So here's the full history:
02:26: He adds it to the page
02:27: It gets reverted
02:48: He adds it back, takes screenshot for his post*
02:58: He adds it back (this was the time you posted)
09:53: Protected "Canon": Counter-productive edit warring
*We know the screenshot was taken immediately after he added it here, because the top right of the screenshot shows the "Surak" article was edited by Josiah Rowe 17 minutes ago. History shows Josiah Row edited Surak exactly once at 02:31.
a) It isn't a holodeck.
b) Similar technology displayed could realistically come about in our lifetime, so why not in Trek a hundred years in the future?
So, I have read all thirteen pages of this thread and this is my takaway:
There is a fighting simulation room on Discovery. It uses holographic technology for the targets, although the targets are much more advanced than the last time we saw Starfleet use holo targeting in Enterprise.
In TNG Geordie said "Wait until you see the holodeck" refering to the advances technology has made. This could imply that holodecks weren't around at all before that but in the light of DSC's simulation room I find it far more likely that the "incredible advances" line was at least in part reffering to advances within holo-tech and not its inception.
Harry Kim said that in the movie-era there were no holodecks. That could be read as there being no holodecks on starfleet's ships (maybe because they pose to big a distraction) or (granted a bit more outlandish) there was a strong anti-holodeck movement that ultimately led to the banning of holodecks (because you'll get square... eh.... 3D eyes when you use the holodeck too often or sit directly in front of it).
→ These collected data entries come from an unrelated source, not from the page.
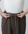 繊細な縦プリーツが、上品な光沢と陰影を生み出すフレアパンツ。
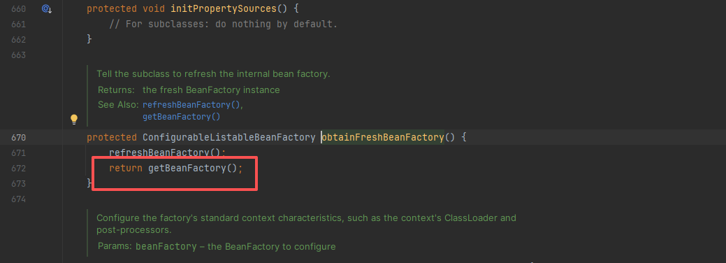 返回当前应用上下文中的ConfigurableListableBeanFactory,这也是个接口类型的,这个接口有一个唯一的实现类:DefaultListableBeanFactory。
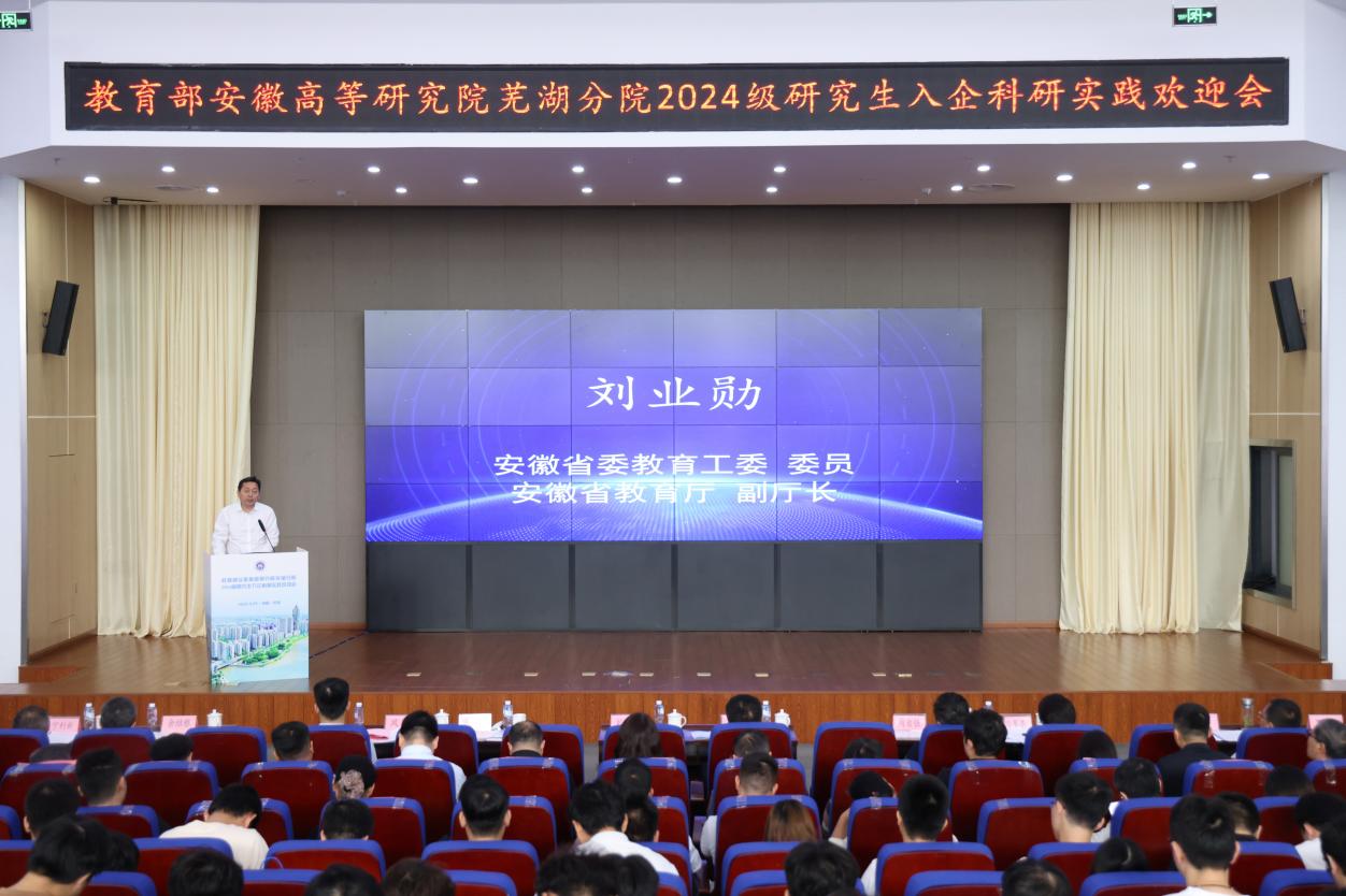本网讯 9月28日,教育部安徽高等研究院芜湖分院2024级研究生入企科研实践欢迎会在我校图书综合楼五楼报告厅举办。安徽省委教育工委委员、省教育厅副厅长刘业勋,芜湖市人民政府副市长朱子,校党委书记卢平,校党委常委、副校长凤权出席会议。在芜高校和省外合作高校有关负责人,导师代表,部分市直单位、我校相关部门负责人,安徽高等研究院芜湖分院2024级入企研究生参加。

Alternatively we should consider what Janeway said immediately prior: "Romulans hiding behind every nebula. Even [...] Their ships were half as fast." The first statement is and obvious exaggeration. The Constitution class had a cruising speed of Warp 6 with a maximum speed of Warp 8. Voyager's maximum speed is Warp 9.975 and according to "Pathfinder" its average speed is Warp 6.2. Of course these are only two specific classes and maybe the rest of the fleet was a lot slower in the 23rd century but even the NX class had an average speed of Warp 5, so unless there were pretty much no advances in warp technology between ENT and the launch of the Constitution class Janeway's second statement has to be an exaggeration too so I don't think it is far fetched to assume that Kim's statement was at least in part exeggerated. Maybe holodeck's were around but only for battle simulations (until some "incredible advances" around the turn of the century were made) and that's what Kim meant.
People trying to turn nothing into something again I see. Bashir referred to a holodeck on a ship as a holosuite during episode Inquisition. They mean the same thing
BASHIR: So you beamed me out of my quarters into this holosuite when I was asleep.
SLOAN: I believe we allowed you a full hour.
Oh, you ain't ignoring your way out of the Memory Alpha editing, mate.